**SOURCE MATERIAL:**
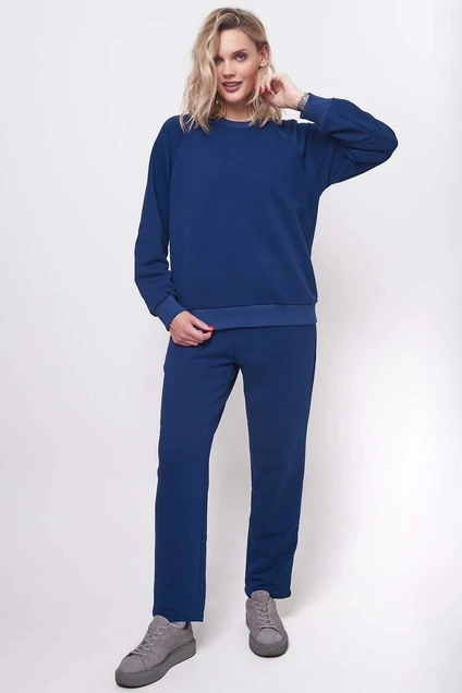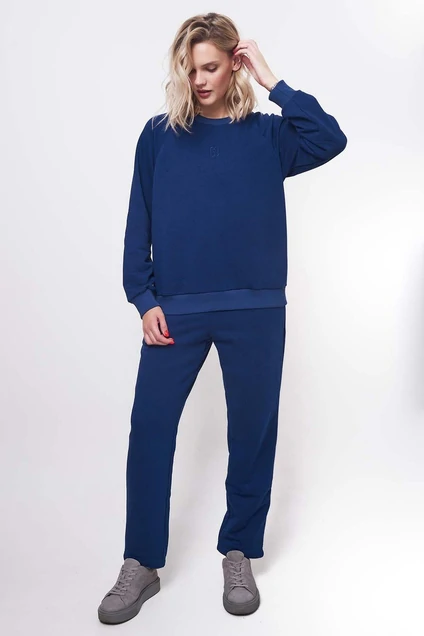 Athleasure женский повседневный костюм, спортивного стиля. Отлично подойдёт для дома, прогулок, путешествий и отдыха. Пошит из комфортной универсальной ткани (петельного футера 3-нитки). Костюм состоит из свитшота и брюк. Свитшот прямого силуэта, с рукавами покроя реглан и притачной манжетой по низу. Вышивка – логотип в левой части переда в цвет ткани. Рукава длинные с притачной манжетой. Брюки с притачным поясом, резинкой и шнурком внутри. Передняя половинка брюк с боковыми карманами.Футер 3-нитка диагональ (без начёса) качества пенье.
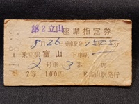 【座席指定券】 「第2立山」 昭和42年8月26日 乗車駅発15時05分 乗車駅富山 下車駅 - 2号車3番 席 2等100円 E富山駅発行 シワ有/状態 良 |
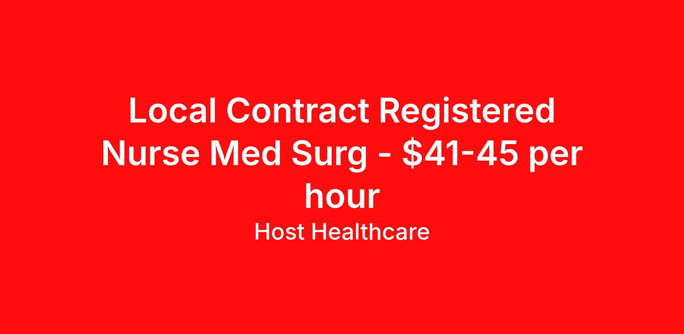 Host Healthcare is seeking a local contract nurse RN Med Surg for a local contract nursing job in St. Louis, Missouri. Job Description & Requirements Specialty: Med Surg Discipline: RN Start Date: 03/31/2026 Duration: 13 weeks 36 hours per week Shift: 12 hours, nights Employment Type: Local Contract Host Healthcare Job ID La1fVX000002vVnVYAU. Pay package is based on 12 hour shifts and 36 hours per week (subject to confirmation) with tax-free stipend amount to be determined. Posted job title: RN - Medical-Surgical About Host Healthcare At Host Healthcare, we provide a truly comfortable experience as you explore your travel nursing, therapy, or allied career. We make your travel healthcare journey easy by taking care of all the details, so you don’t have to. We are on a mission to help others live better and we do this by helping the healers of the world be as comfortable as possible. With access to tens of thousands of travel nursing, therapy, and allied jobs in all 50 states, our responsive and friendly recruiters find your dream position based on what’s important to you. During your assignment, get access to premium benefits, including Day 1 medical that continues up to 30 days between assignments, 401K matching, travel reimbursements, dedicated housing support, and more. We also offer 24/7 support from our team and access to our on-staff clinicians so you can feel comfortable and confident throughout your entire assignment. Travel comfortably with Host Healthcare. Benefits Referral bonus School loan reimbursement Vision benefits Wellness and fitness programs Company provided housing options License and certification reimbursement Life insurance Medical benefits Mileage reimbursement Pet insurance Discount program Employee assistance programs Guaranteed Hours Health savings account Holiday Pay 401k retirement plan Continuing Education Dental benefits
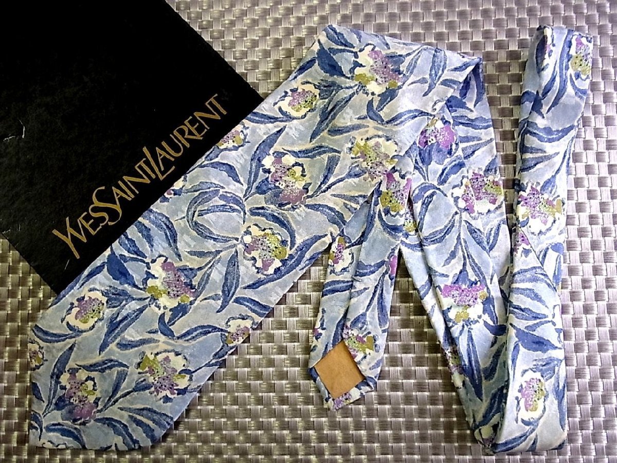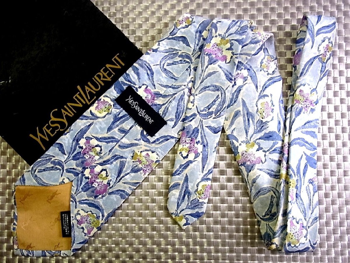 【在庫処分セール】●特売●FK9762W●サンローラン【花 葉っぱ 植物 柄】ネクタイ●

**AIM OF THE EXERCISE:** Nothing but the lines from the start of the listing through the line with "E富山駅発行 シワ有/状態 良 |" belongs in the answer, each one retyped exactly and without pictures.

**TASK OUTPUT:**
 Athleasure женский повседневный костюм, спортивного стиля. Отлично подойдёт для дома, прогулок, путешествий и отдыха. Пошит из комфортной универсальной ткани (петельного футера 3-нитки). Костюм состоит из свитшота и брюк. Свитшот прямого силуэта, с рукавами покроя реглан и притачной манжетой по низу. Вышивка – логотип в левой части переда в цвет ткани. Рукава длинные с притачной манжетой. Брюки с притачным поясом, резинкой и шнурком внутри. Передняя половинка брюк с боковыми карманами.Футер 3-нитка диагональ (без начёса) качества пенье.
 【座席指定券】 「第2立山」 昭和42年8月26日 乗車駅発15時05分 乗車駅富山 下車駅 - 2号車3番 席 2等100円 E富山駅発行 シワ有/状態 良 |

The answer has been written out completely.